Since the exploitation of Facebook to influence public opinion during the 2016 U.S. presidential election [1], there has been significant interest in fake news. However, the dissemination of false information not only misinforms readers but can also result in much more serious consequences. For instance, the spreading of a baseless rumor alleging that Hillary Clinton was involved in child sex trafficking led to a dangerous situation at a Washington D.C. pizzeria [2]. The global pandemic in 2020 has led to the rise of an infodemic [3], which could have even more severe consequences by exacerbating the epidemiological situation and endangering people’s health. Furthermore, The recent events of 2022 also showed how politics and global events could be dramatically influenced by the spread of fake news. The Russia–Ukraine conflict was accompanied by an intense information war [4] featuring an enormous amount of fake stories. In addition to the political world, the World Cup 2022 was surrounded by rumors from both organizers and visitors that had an impact on security during the competition [5].
The issue of fake news has garnered significant public attention and has also become a subject of growing interest in academic circles. With the proliferation of online content, there is a great deal of optimism about the potential of automated methods for detecting fake news. Numerous studies have been conducted on fake news detection, utilizing a variety of information from diverse sources. While the misinformation mitigation field is represented in the artificial intelligence field via different tasks (i.e., stance detection, fact-checking, source credibility classification, inter alia), rwesearchers focus on the supervised fake news classification task.
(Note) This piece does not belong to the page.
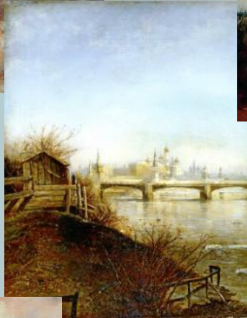
Вид на Кремль с Крымского моста

2. User Behavior for Fake News Detection

Firstly, before the discussion of automatic machine fake news detection methods, researchwers analyze how real-life users react to fake information and in which way they check the veracity of information. In [6][19], a very broad analysis of users’ behavior was obtained. The authors discovered that when people attempt to check information credibility, they rely on a limited set of features, such as:
  • Is this information compatible with other things that I believe to be true?
  • Is this information internally coherent? Do the pieces form a plausible story?
  • Does it come from a credible source?
  • Do other people believe it?
Thus, people can rely on the news text, its source, and their judgment. However, if they receive enough internal motivation, they can also refer to some external sources for evidence. These external sources can be knowledgeable sources or other people. The conclusions from [7][20] repeat the previous results: individuals rely on both their judgment of the source and the message. When these factors do not adequately provide a definitive answer, people turn to external resources to authenticate the news. The intentional and institutional reactions sought confirmation from institutional sources, with some respondents answering simply “Google”. Moreover, several works have been conducted to explore the methods to combat fake information received by users and convince them with facts. In [8][21], it was shown that explicitly emphasizing the myth and even its repetition with refutation can help users pay attention and remember the truth. Additionally, participants who received messages across different media platforms [9][22] and different perspectives on the information [10][23] showed greater awareness of news evidence. Consequently, information obtained from external searches is an important feature for evaluating news authenticity and seeking evidence. Furthermore, obtaining different perspectives from different media sources adds more confidence decision-making process.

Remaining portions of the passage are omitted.